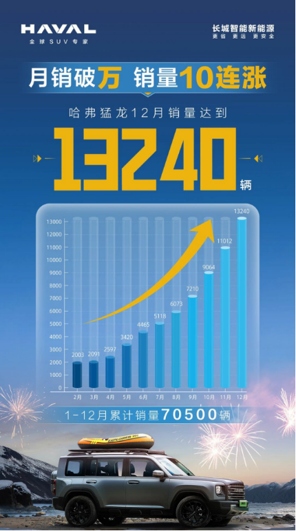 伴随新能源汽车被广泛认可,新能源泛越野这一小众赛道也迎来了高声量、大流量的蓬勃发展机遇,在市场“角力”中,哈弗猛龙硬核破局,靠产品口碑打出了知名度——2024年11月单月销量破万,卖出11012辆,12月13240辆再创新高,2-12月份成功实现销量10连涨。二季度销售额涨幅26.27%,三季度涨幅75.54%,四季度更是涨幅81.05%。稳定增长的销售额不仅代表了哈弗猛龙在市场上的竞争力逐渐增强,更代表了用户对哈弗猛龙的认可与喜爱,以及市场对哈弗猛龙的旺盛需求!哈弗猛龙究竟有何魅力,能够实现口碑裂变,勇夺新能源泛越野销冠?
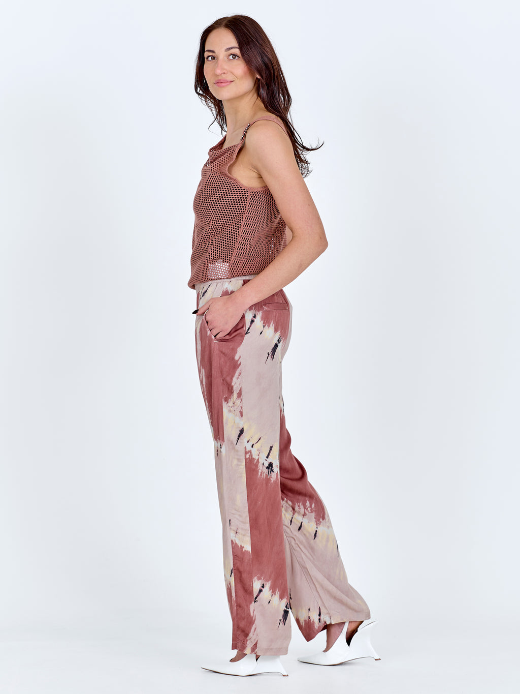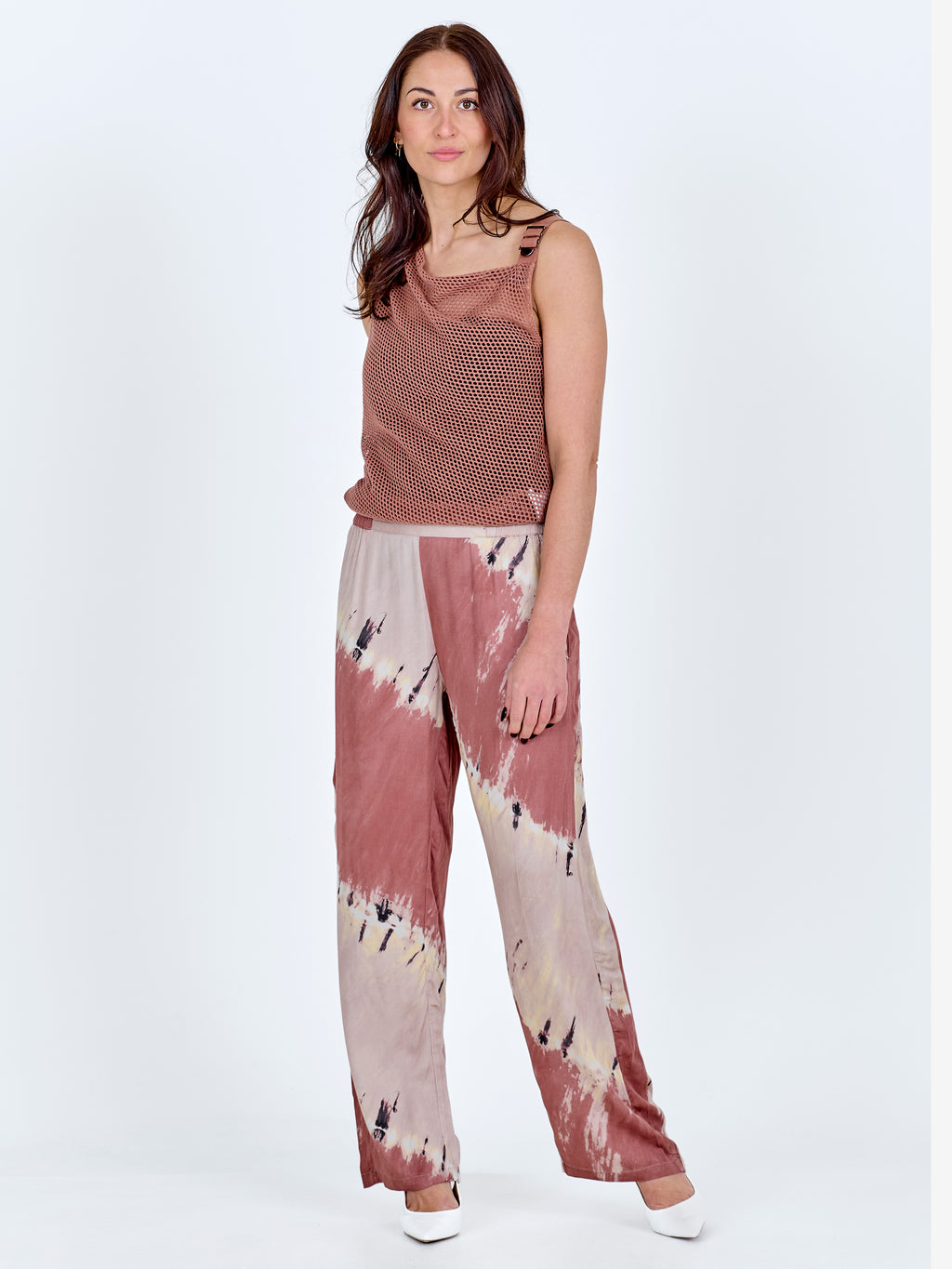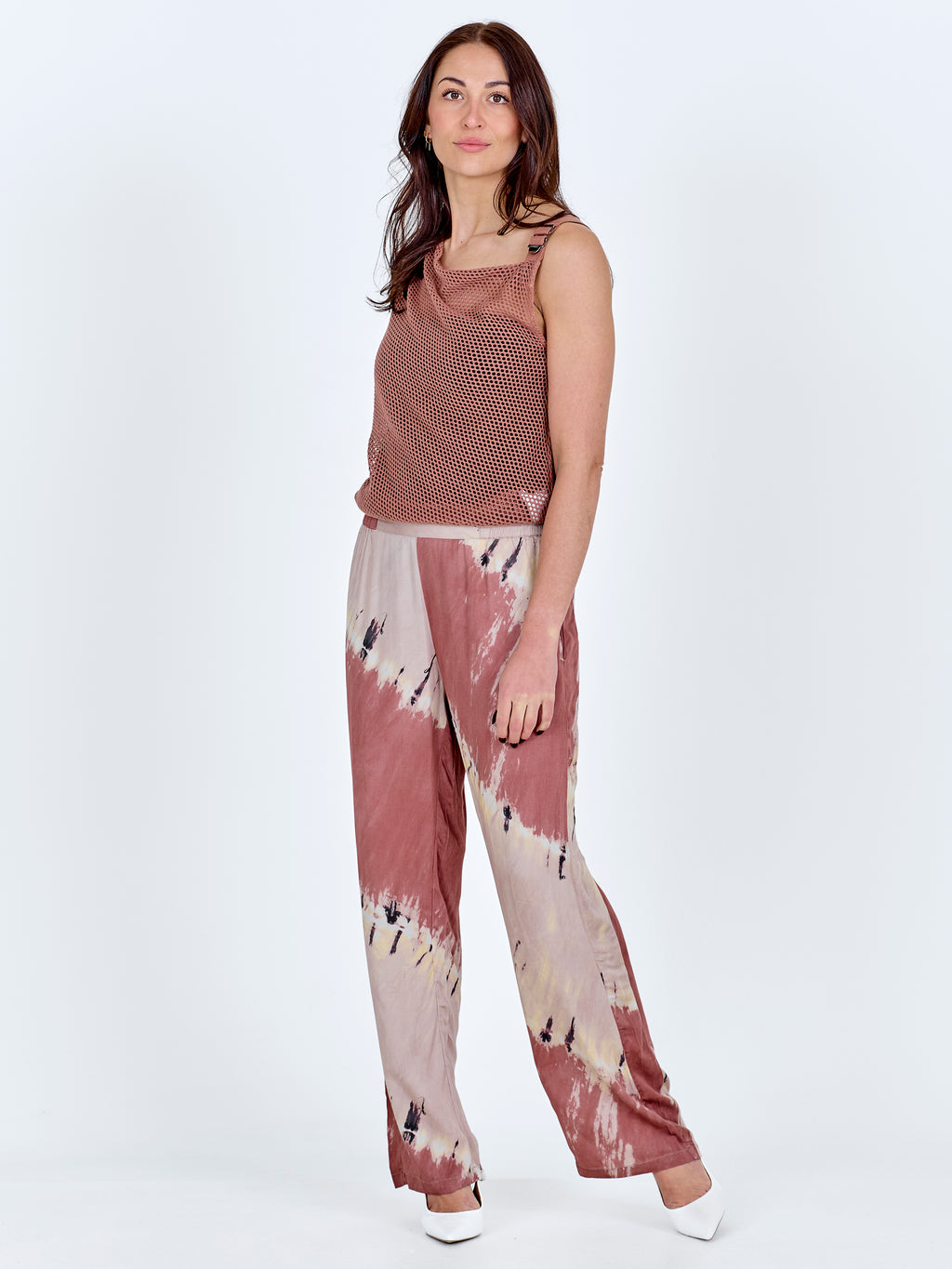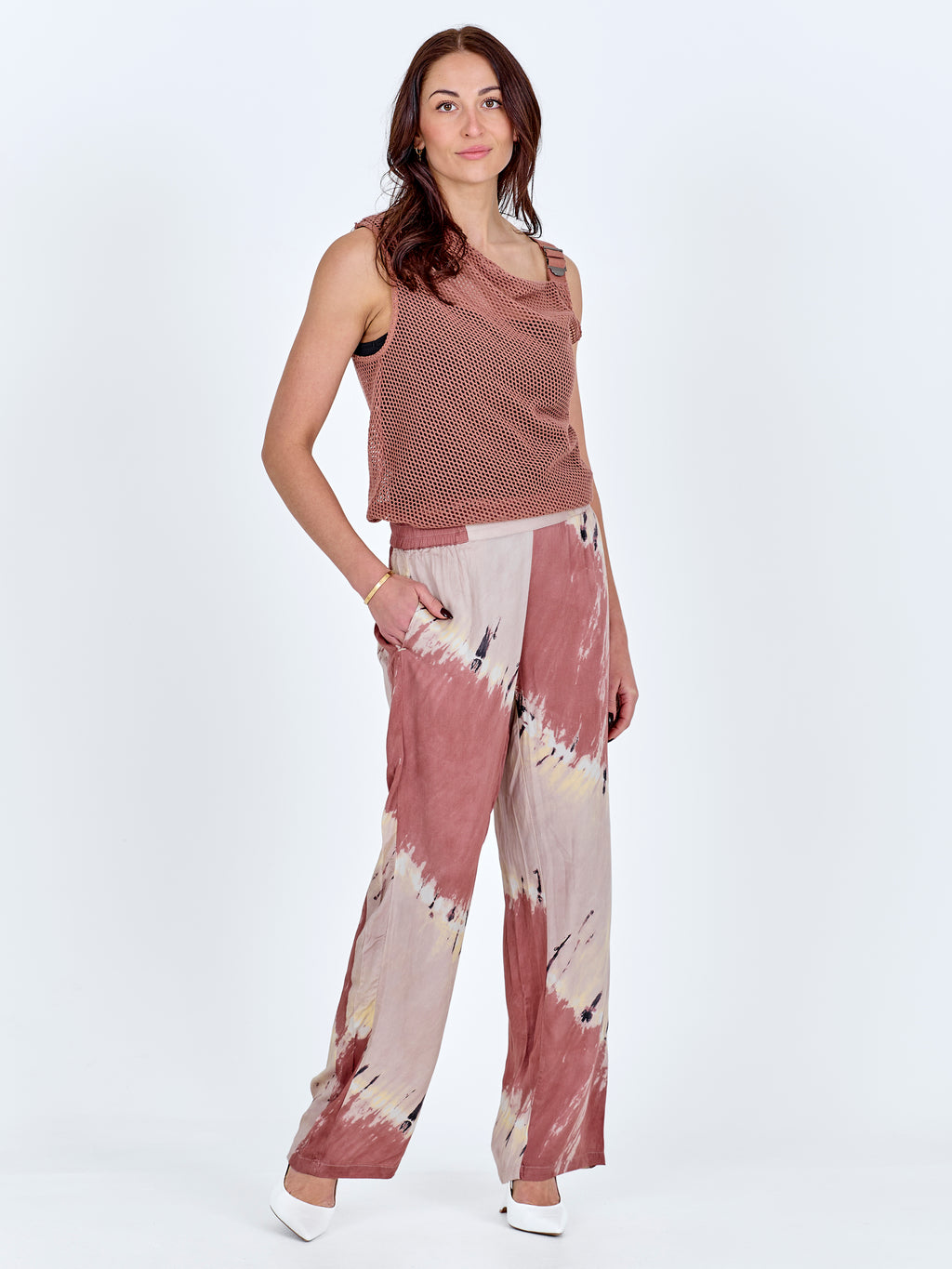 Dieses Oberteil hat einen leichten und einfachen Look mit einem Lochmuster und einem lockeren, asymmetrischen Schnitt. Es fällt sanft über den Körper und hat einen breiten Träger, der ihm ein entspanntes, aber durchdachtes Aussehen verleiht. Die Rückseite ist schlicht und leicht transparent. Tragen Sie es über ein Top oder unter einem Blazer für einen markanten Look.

══════

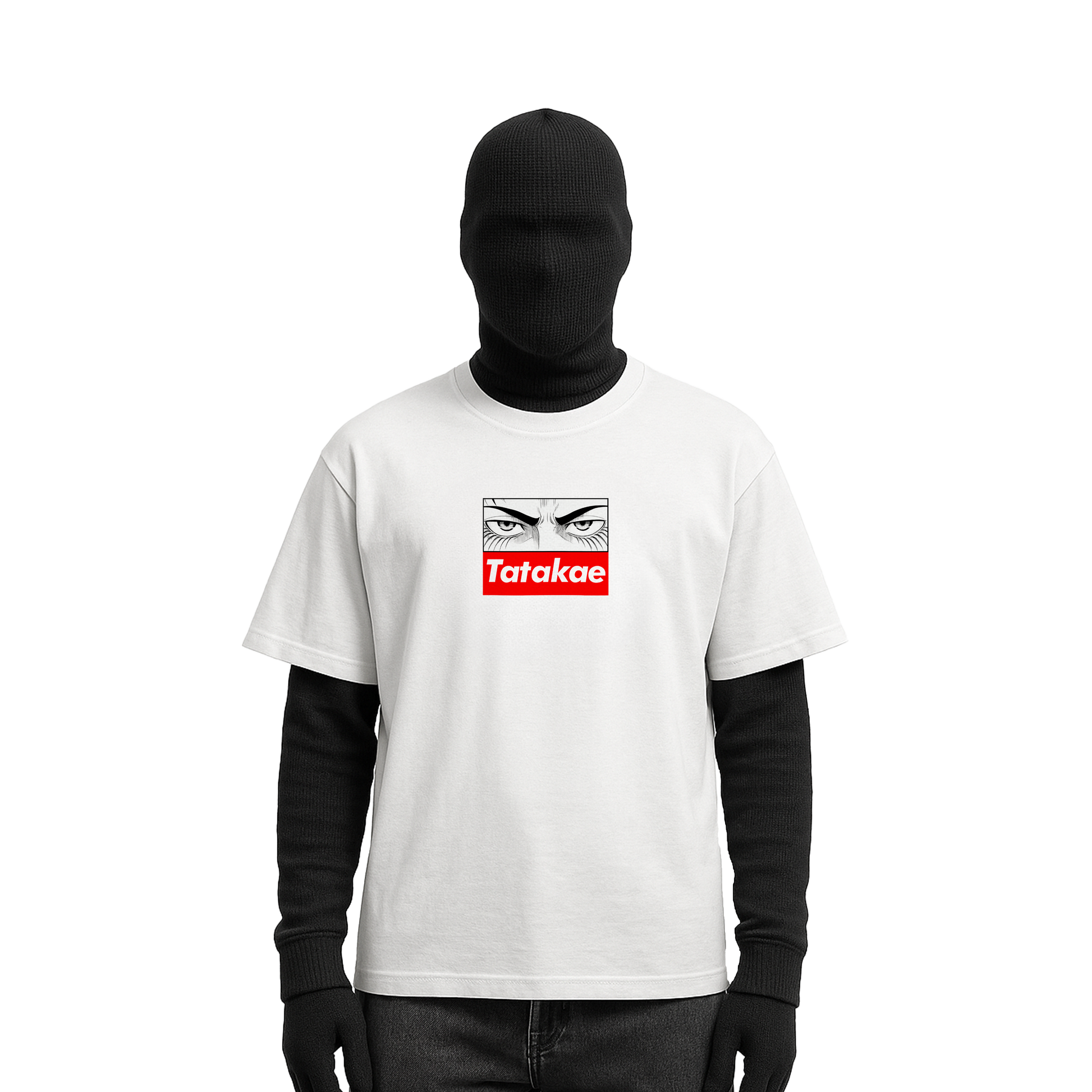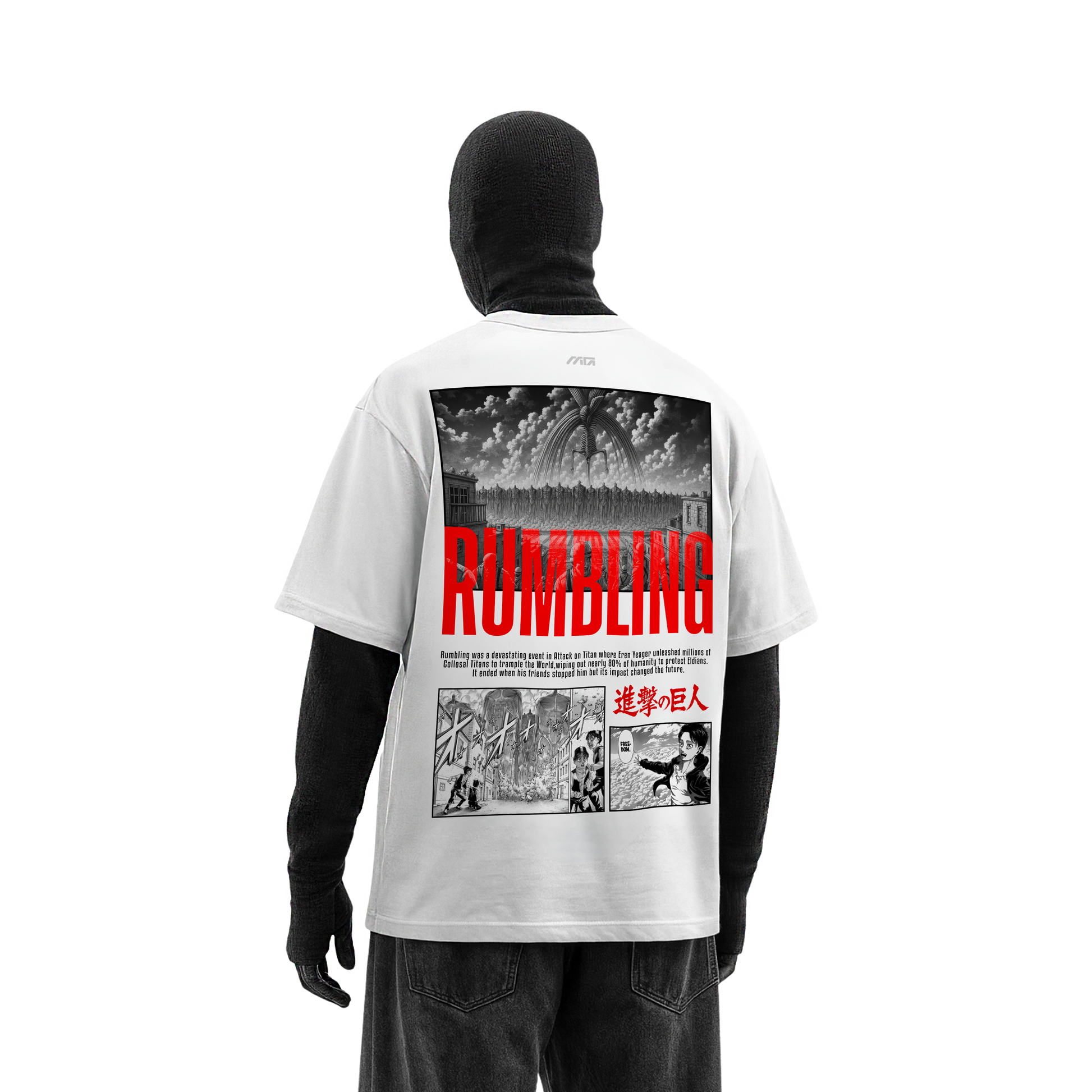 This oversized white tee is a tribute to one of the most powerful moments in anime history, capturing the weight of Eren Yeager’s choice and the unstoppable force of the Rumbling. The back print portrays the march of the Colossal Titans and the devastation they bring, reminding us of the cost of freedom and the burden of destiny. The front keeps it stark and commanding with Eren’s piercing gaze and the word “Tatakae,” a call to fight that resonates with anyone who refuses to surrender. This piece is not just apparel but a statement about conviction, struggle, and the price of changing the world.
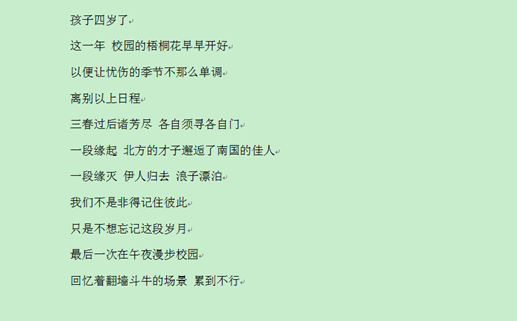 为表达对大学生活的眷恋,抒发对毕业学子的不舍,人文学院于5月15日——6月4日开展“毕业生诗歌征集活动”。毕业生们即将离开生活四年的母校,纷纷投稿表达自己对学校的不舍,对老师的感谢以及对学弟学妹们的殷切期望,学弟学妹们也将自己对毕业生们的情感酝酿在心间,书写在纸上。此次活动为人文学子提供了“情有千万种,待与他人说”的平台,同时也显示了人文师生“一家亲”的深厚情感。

══════

What to do:
What's needed is an exact copy of the lines above from the one with "This oversized white" through the one with "为表达对大学生活的眷恋,抒发", both included; the pictures stay out.

Reply:
 This oversized white tee is a tribute to one of the most powerful moments in anime history, capturing the weight of Eren Yeager’s choice and the unstoppable force of the Rumbling. The back print portrays the march of the Colossal Titans and the devastation they bring, reminding us of the cost of freedom and the burden of destiny. The front keeps it stark and commanding with Eren’s piercing gaze and the word “Tatakae,” a call to fight that resonates with anyone who refuses to surrender. This piece is not just apparel but a statement about conviction, struggle, and the price of changing the world.
 为表达对大学生活的眷恋,抒发对毕业学子的不舍,人文学院于5月15日——6月4日开展“毕业生诗歌征集活动”。毕业生们即将离开生活四年的母校,纷纷投稿表达自己对学校的不舍,对老师的感谢以及对学弟学妹们的殷切期望,学弟学妹们也将自己对毕业生们的情感酝酿在心间,书写在纸上。此次活动为人文学子提供了“情有千万种,待与他人说”的平台,同时也显示了人文师生“一家亲”的深厚情感。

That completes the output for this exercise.